Task instructions: Please copy the data below exactly, from its first line through the line holding "此外,*ST中潜2021年度", and skip the pictures.

Data:
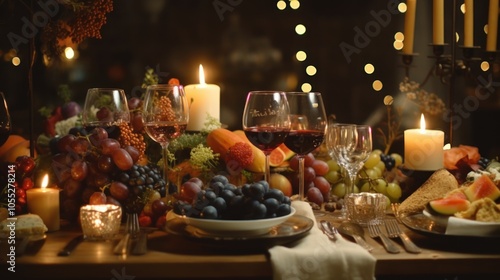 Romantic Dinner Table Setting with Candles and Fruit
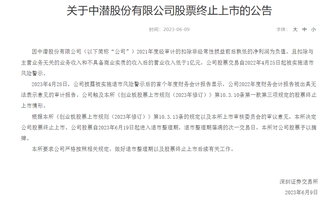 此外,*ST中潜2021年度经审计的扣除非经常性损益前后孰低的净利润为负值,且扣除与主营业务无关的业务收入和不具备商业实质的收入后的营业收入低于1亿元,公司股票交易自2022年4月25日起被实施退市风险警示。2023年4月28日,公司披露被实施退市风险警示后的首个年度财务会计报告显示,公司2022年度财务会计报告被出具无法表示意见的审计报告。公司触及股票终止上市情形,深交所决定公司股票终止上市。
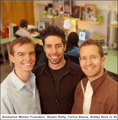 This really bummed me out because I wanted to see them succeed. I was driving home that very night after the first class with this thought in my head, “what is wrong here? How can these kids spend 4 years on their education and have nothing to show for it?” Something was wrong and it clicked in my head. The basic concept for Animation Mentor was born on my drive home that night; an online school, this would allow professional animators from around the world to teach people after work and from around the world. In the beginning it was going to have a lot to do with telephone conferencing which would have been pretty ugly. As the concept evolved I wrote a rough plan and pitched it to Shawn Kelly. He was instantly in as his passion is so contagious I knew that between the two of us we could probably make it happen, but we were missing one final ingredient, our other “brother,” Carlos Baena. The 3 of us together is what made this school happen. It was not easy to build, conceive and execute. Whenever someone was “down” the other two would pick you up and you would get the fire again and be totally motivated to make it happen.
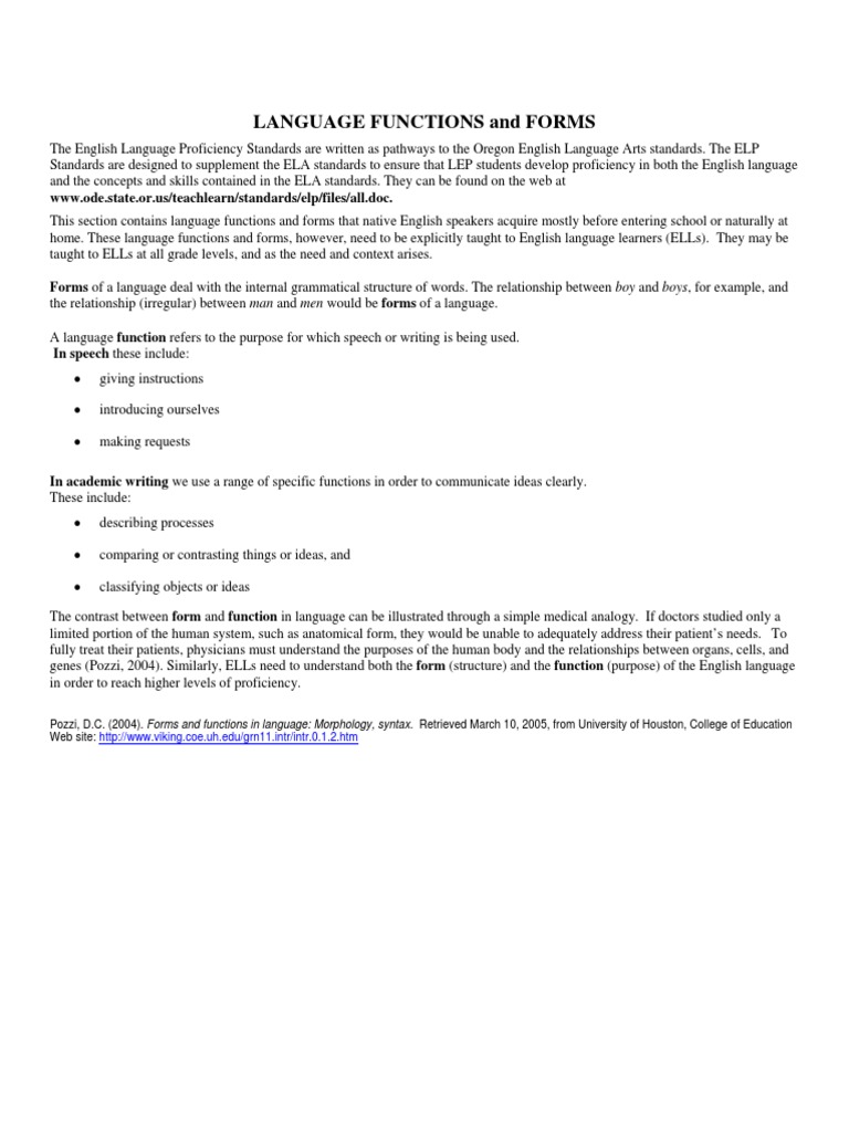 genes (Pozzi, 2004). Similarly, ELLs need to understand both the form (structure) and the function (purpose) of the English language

Reply:
 Romantic Dinner Table Setting with Candles and Fruit
 此外,*ST中潜2021年度经审计的扣除非经常性损益前后孰低的净利润为负值,且扣除与主营业务无关的业务收入和不具备商业实质的收入后的营业收入低于1亿元,公司股票交易自2022年4月25日起被实施退市风险警示。2023年4月28日,公司披露被实施退市风险警示后的首个年度财务会计报告显示,公司2022年度财务会计报告被出具无法表示意见的审计报告。公司触及股票终止上市情形,深交所决定公司股票终止上市。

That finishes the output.